Your goal –
Your reply should reproduce all the data below exactly while excluding the pictures.

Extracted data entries
######

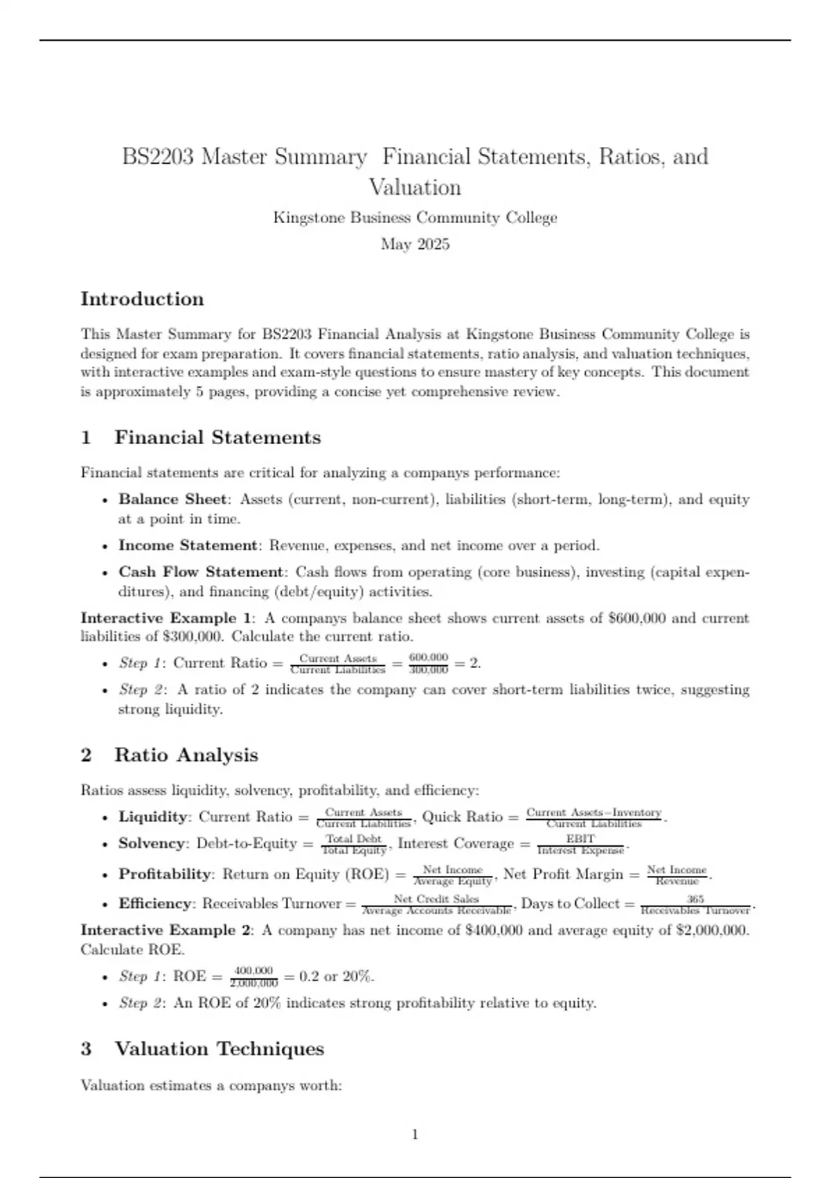 This Master Summary for BS2203 Financial Analysis at Kingstone Business Community College is
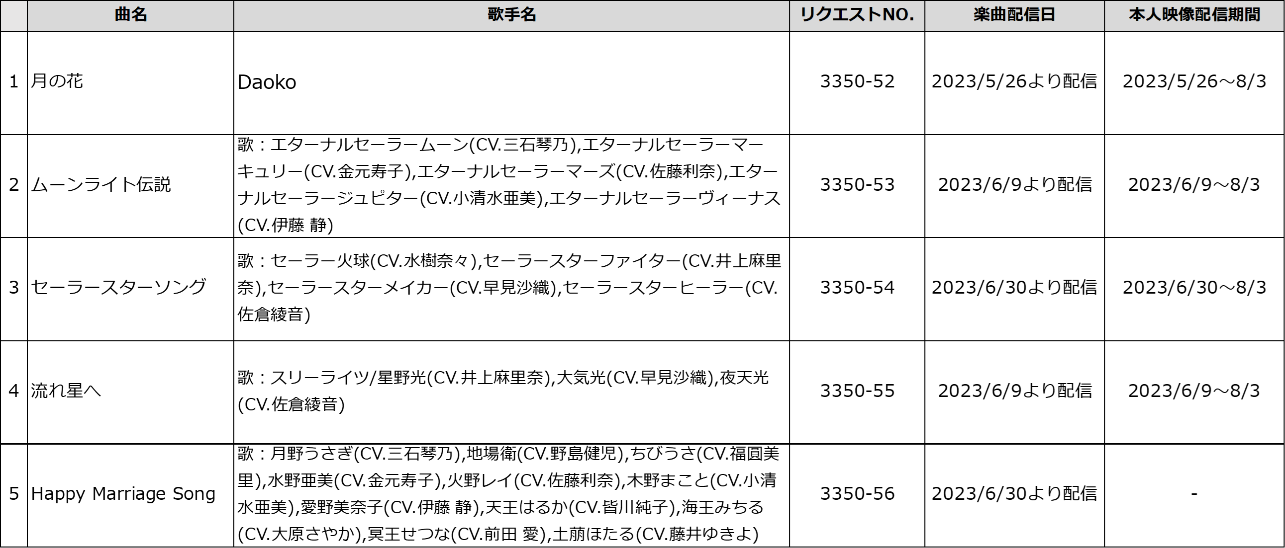 ①通信カラオケDAM に劇場版「美少女戦士セーラームーンCosmos」の主題歌の映画映像を期間限定配信*。
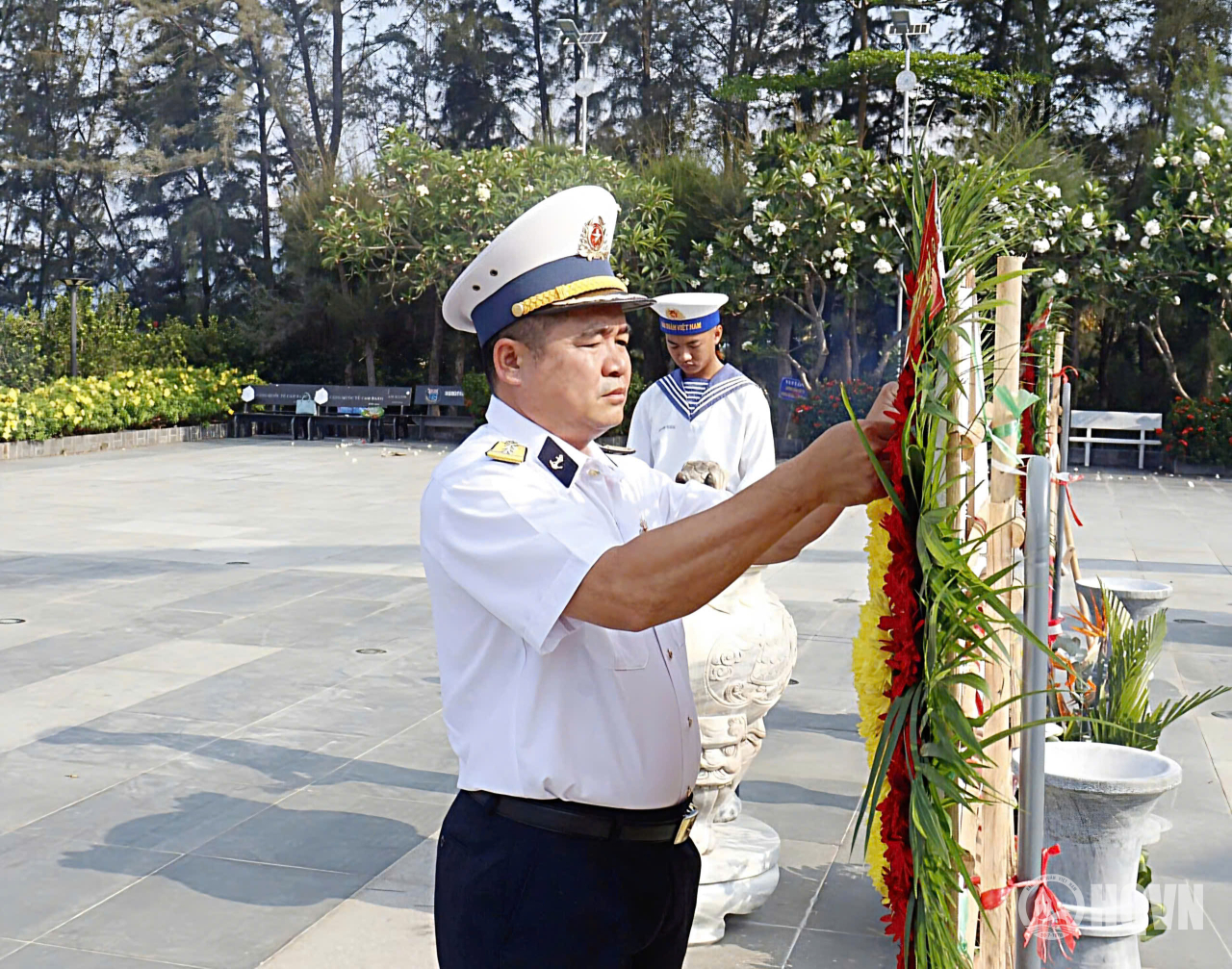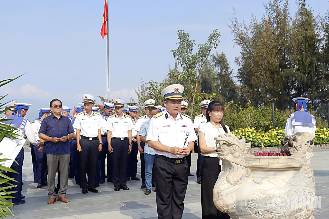 HQ Online - Hướng tới kỷ niệm 40 năm Ngày thành lập lực lượng tàu ngầm; 51 năm Ngày giải phóng miền Nam, thống nhất đất nước và 71 năm Ngày thành lập Hải quân nhân dân Việt Nam, sáng 27/4 Trung đoàn 196 Hải quân phối hợp với Trường Đại học Cửu Long tổ chức dâng hương, dâng hoa tưởng niệm, giáo dục truyền thống tại Khu tưởng niệm chiến sĩ Gạc Ma.
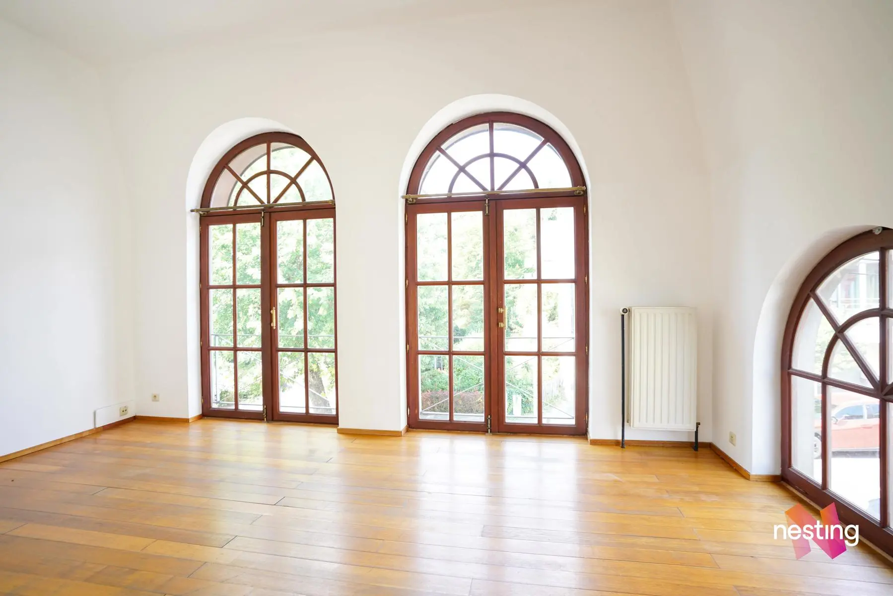 Uccle, à proximité de la place Saint-Job, sis. rue de la pêcherie, dans une petite copropriété calme, superbe rez-de-chaussée de +/- 100m², en bon état, parquet partout, très lumineux et offrant:
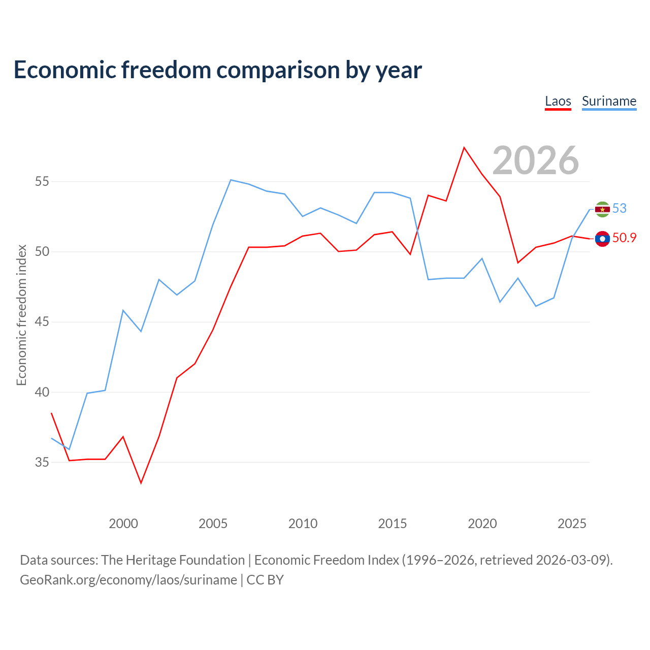 The Economic Freedom Index for Laos is 50.9, ranking 157/197, compared to 53 for Suriname, ranking 143/197. The chart above displays a comparison of annual changes in economic freedom indexes.
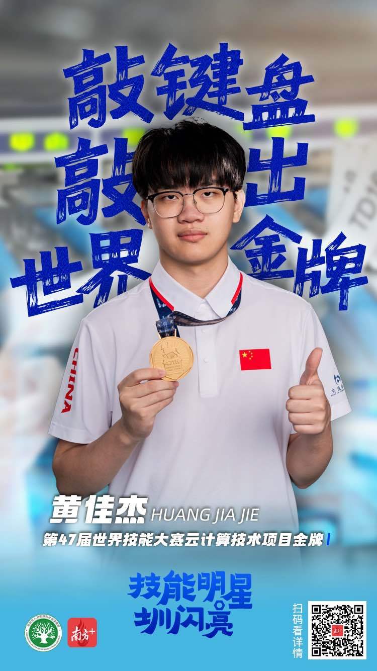 黄佳杰,第47届世界技能大赛云计算技术项目的金牌得主
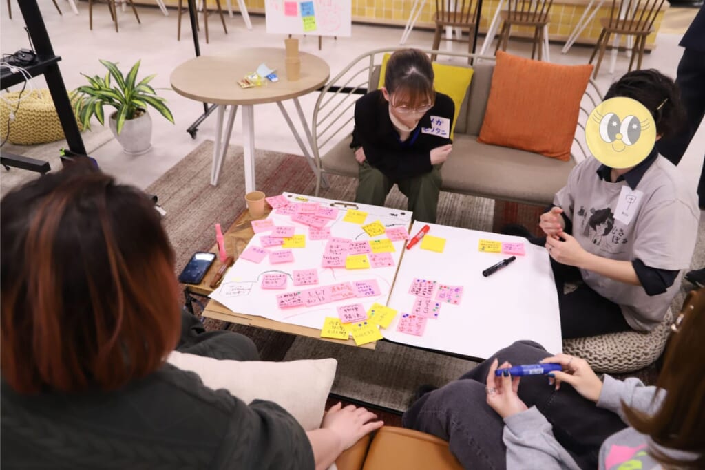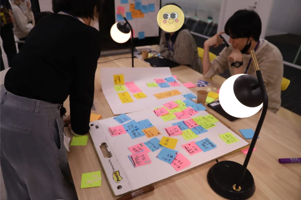 現場に向かったアピスピ編集部は、色とりどりの付箋が広げながら、楽しそうにグループワークをしているデザイナーチームを発見!
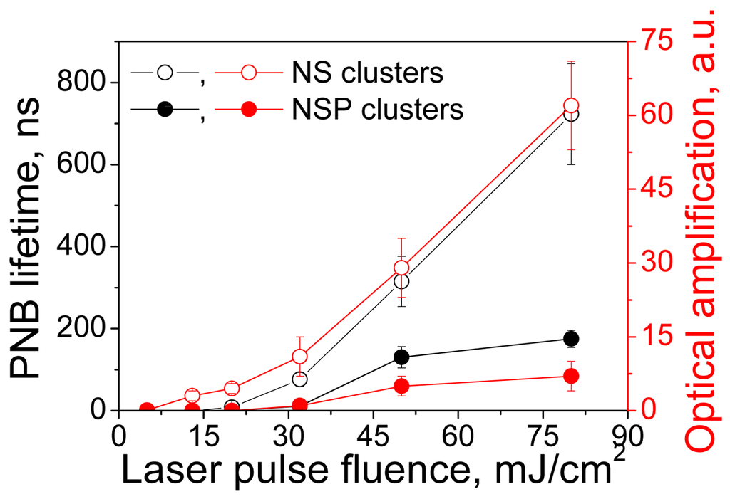 The generation of a PNB has a threshold nature, a PNB cannot emerge around an NP if the excitation fluence is below a specific level. The NP cluster-threshold mechanism makes the generation of PNBs very selective, as can be seen from Figure 12. The PNB generation threshold fluence was found to be determined by nanoparticle size, heat capacity, aggregation state, and the pump laser pulse duration [55-57,99,116-118]. Low PNB generation threshold fluence can be achieved with NPs with a high ratio of surface to heat capacity (such as in nanoshells), through NP clusterization and through the shortening of the laser pulse to a level below the characteristic time for thermal relaxation of the NPs or their cluster. The generation of a PNB does not coincide with the formation of vapor around the surface of a transiently heated plasmonic NP, and requires additional energy that significantly exceeds the explosive boiling threshold. This additional and higher threshold also results in the limitation of the minimal lifetime (and hence maximal diameter) of PNBs at the level of 9 ns [57]. A possible explanation for the discovered mechanism of PNB generation relates to the effect of surface tension pressure that is applied to the vapor nucleus near the NP surface. Due to the small size of NPs, the surface tension pressure around the NP (and around the vapor nucleus forming around the NP) may be very high, thus preventing PNB expansion (as can be expected for macro-bubbles). As a result, additional optical energy is required to generate a PNB.
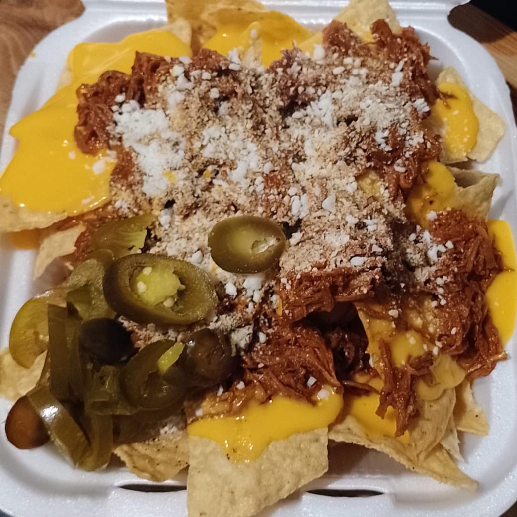 orden de nachos con carne de cerdo, queso cheddar, queso blanco y jalapeños
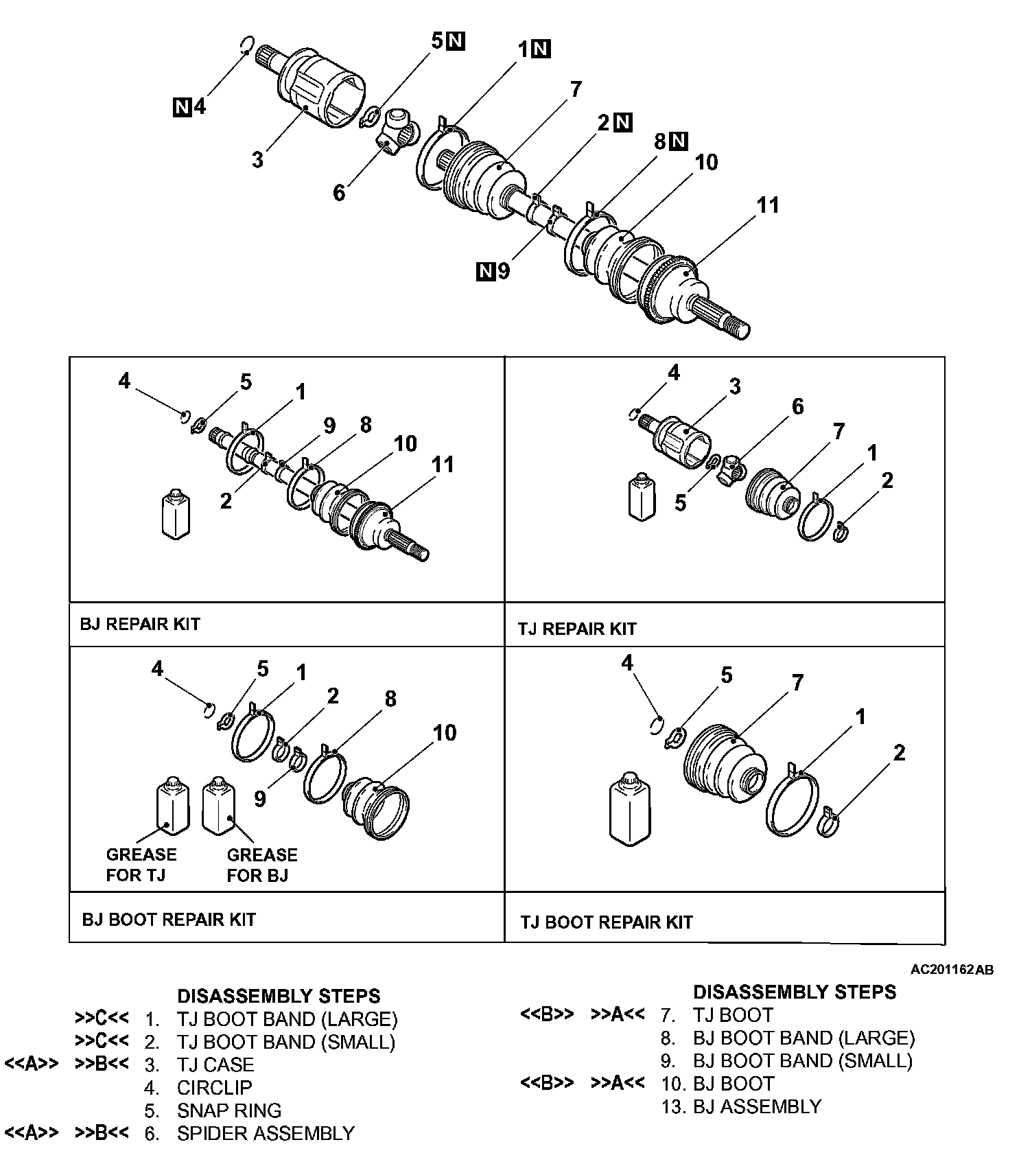^ For vehicles with ABS, be careful not to damage the ABS rotor, which is attached to the BJ outer race during disassembly and reassembly.
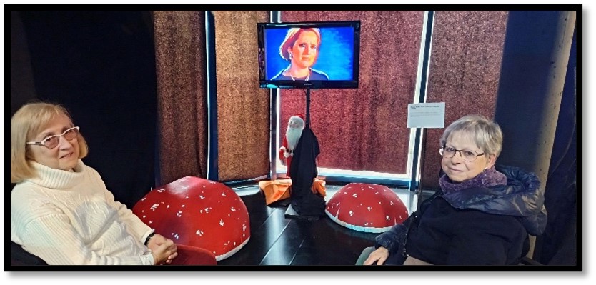 Adriana Cardone y Nati Cuevas, mientras al fondo aparece Rosana Torres la directora del programa “El carro de la farsa” de TVE por el que pasaron los mejores grupos de teatro. En esta ocasión se mostraba el reportaje que hizo con Luis y Adriana de La Gaviota. Foto de F. G.
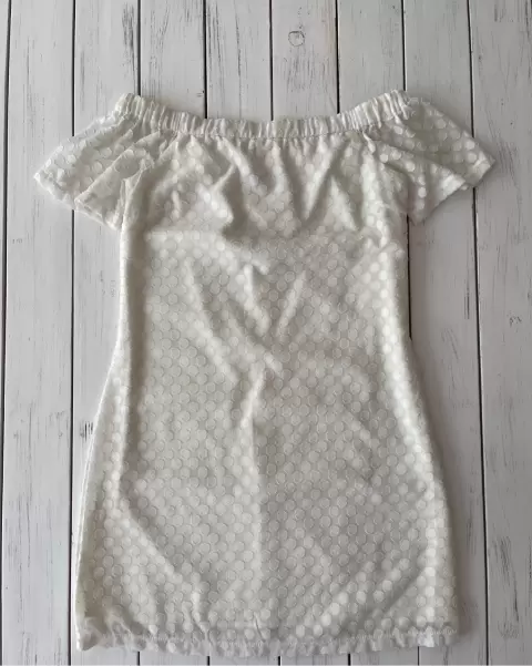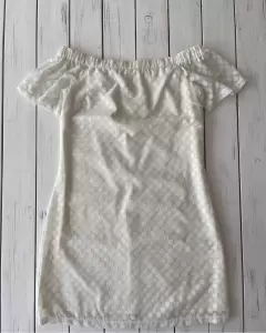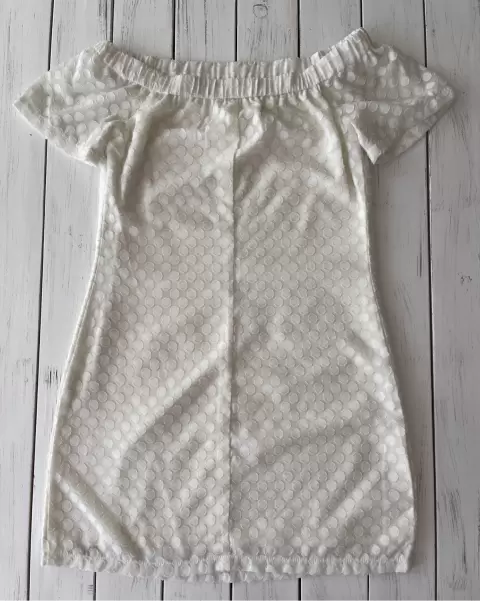Vestido corto ivory con forro, a los hombros. Trae un cierre invisible lateral. Hecho en poliéster.Talla: XS exactamente a la tallaMedidas: 41 cm axila 38 cm de cintura y 72 cm largo. No estira y está justo a la talla.

######

Response to this exercise –
 This Master Summary for BS2203 Financial Analysis at Kingstone Business Community College is
 ①通信カラオケDAM に劇場版「美少女戦士セーラームーンCosmos」の主題歌の映画映像を期間限定配信*。
 HQ Online - Hướng tới kỷ niệm 40 năm Ngày thành lập lực lượng tàu ngầm; 51 năm Ngày giải phóng miền Nam, thống nhất đất nước và 71 năm Ngày thành lập Hải quân nhân dân Việt Nam, sáng 27/4 Trung đoàn 196 Hải quân phối hợp với Trường Đại học Cửu Long tổ chức dâng hương, dâng hoa tưởng niệm, giáo dục truyền thống tại Khu tưởng niệm chiến sĩ Gạc Ma.
 Uccle, à proximité de la place Saint-Job, sis. rue de la pêcherie, dans une petite copropriété calme, superbe rez-de-chaussée de +/- 100m², en bon état, parquet partout, très lumineux et offrant:
 The Economic Freedom Index for Laos is 50.9, ranking 157/197, compared to 53 for Suriname, ranking 143/197. The chart above displays a comparison of annual changes in economic freedom indexes.
 黄佳杰,第47届世界技能大赛云计算技术项目的金牌得主
 現場に向かったアピスピ編集部は、色とりどりの付箋が広げながら、楽しそうにグループワークをしているデザイナーチームを発見!
 The generation of a PNB has a threshold nature, a PNB cannot emerge around an NP if the excitation fluence is below a specific level. The NP cluster-threshold mechanism makes the generation of PNBs very selective, as can be seen from Figure 12. The PNB generation threshold fluence was found to be determined by nanoparticle size, heat capacity, aggregation state, and the pump laser pulse duration [55-57,99,116-118]. Low PNB generation threshold fluence can be achieved with NPs with a high ratio of surface to heat capacity (such as in nanoshells), through NP clusterization and through the shortening of the laser pulse to a level below the characteristic time for thermal relaxation of the NPs or their cluster. The generation of a PNB does not coincide with the formation of vapor around the surface of a transiently heated plasmonic NP, and requires additional energy that significantly exceeds the explosive boiling threshold. This additional and higher threshold also results in the limitation of the minimal lifetime (and hence maximal diameter) of PNBs at the level of 9 ns [57]. A possible explanation for the discovered mechanism of PNB generation relates to the effect of surface tension pressure that is applied to the vapor nucleus near the NP surface. Due to the small size of NPs, the surface tension pressure around the NP (and around the vapor nucleus forming around the NP) may be very high, thus preventing PNB expansion (as can be expected for macro-bubbles). As a result, additional optical energy is required to generate a PNB.
 orden de nachos con carne de cerdo, queso cheddar, queso blanco y jalapeños
^ For vehicles with ABS, be careful not to damage the ABS rotor, which is attached to the BJ outer race during disassembly and reassembly.
 Adriana Cardone y Nati Cuevas, mientras al fondo aparece Rosana Torres la directora del programa “El carro de la farsa” de TVE por el que pasaron los mejores grupos de teatro. En esta ocasión se mostraba el reportaje que hizo con Luis y Adriana de La Gaviota. Foto de F. G.
Vestido corto ivory con forro, a los hombros. Trae un cierre invisible lateral. Hecho en poliéster.Talla: XS exactamente a la tallaMedidas: 41 cm axila 38 cm de cintura y 72 cm largo. No estira y está justo a la talla.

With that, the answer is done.